0

Peranan filsafat dalam kehidupan manusia
A. Pengetahuan Dan Teknologi Dewasa Ini

Pengaruh Pemikiran Filsafat Terhadap Pola Pikir Dan Pola Hidup Manusia di Era Globalisasi - Ilmu pengetahuan dan teknologi dapat dimanfaatkan oleh manusia secara positif-konstruktif maupun secara negatif-destruktif tergantung kepada moral dan mental manusia yang berperan sebagai pencipta, pengembang, dan penggunanya. ilmu pengetahuan dan teknologi selalu terkait dengan pemilik dan pemakainya yakni manusia yang seringkali tidak mampu untuk mengendalikan nafsu serakahnya sendiri dalam artian moral.Manusia dalam kehidupannya sangat tergantung dan berhutang budi kepada ilmu pengetahuan dan teknologi.[1]

Merupakan kenyataan yang tidak dapat dipungkiri bahwa peradaban manusia yang berkembang dari peradaban sederhana menuju ke peradaban yang sangat maju dipengaruhi oleh perkembangan ilmu pengetahuan dan teknologi.
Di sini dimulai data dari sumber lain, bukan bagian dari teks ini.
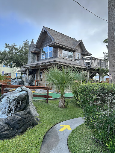 We've been to a few mini golf places down in St. Augustine and Jacksonville, FL. Nothing compares so far to Anastasia Miniature Golf! Not only is it beautifully decorated, it's pretty well maintained. I did take off 1 star because some of the mini golf carpet was ripped, or needed washed. I did read they flood during hurricane or big tropical storms so upkeep is consuming. But they are doing awesome! There was many of the 18 holes that had new carpet down. I don't except the carpet to be perfect. One hole I thought it had black carpet but it actually was suppose to be green. With the Florida rain and humidity I don't except the carpet to be perfect. Each of the 18 holes had a sign showing the best way to get the hole in 1 with a cute riddle. My son really liked the different obstacles for each hole instead of just a flat green space. The pathways brings you all around and up stairs and around buildings! Very fun to see where next whole was going! Oh and did I mention the owners take very good care of the buildings and gardens! There is plants everywhere. Very appealing to the eye!
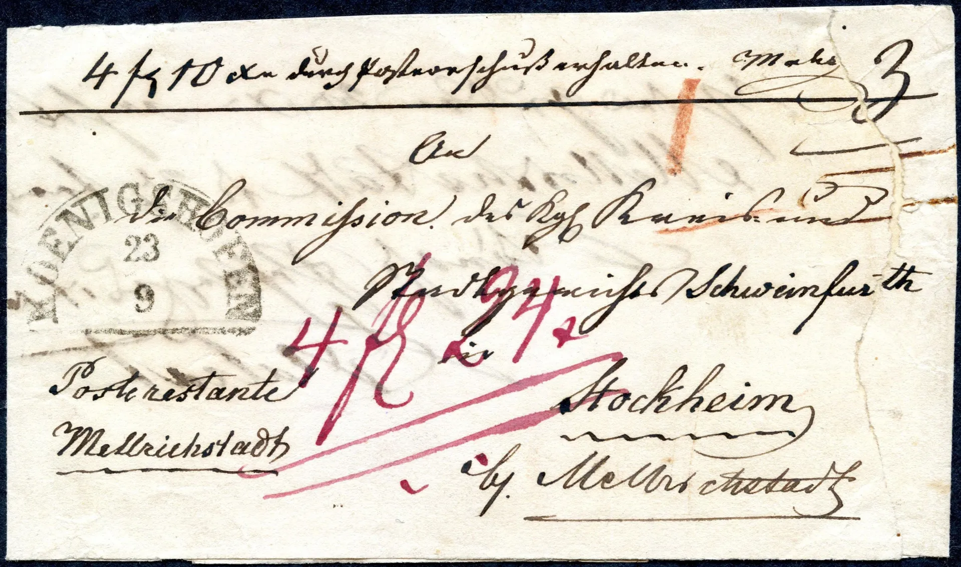 Auch im DÖPV war der Brief im 3. Gewicht, was 9 Sgr bzw Ngr ausmachte. Köhler in Leipzig durfte daher insgesamt 14 Ngr bezahlen, also fast ½ Taler.
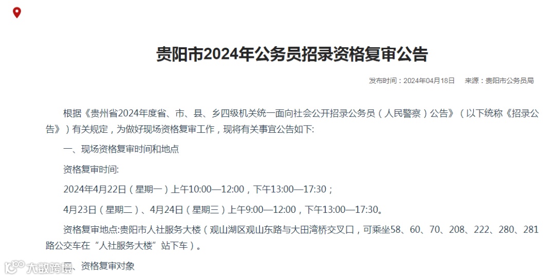 根据《贵州省2024年度省、市、县、乡四级机关统一面向社会公开招录公务员(人民警察)公告》(以下统称《招录公告》)有关规定,为做好现场资格复审工作,现将有关事宜公告如下:

Berkat kemajuan pada kedua bidang inilah, maka manusia menjadi sangat dimudahkan dalam menjalankan kehidupannya. Ilmu pengetahuan dan teknologi telah membantu manusia untuk memenuhi segala kebutuhannya secara lebih cepat dan lebih mudah.

Umat manusia, misalnya, dimudahkan karena ditemukannya alat-alat kedokteran yang canggih sehingga penyakit kita lebih mudah dideteksi dan usia harapan hidup menjadi semakin panjang, alat-alat transportasi yang lebih cepat dan aman, alat-alat komunikasi yang begitu sophisticated yang membuat dunia terasa semakin sempit. Manusia juga dimudahkan untuk memanfaatkan segala sumber daya alam untuk mencapai kesejahteraan hidupnya.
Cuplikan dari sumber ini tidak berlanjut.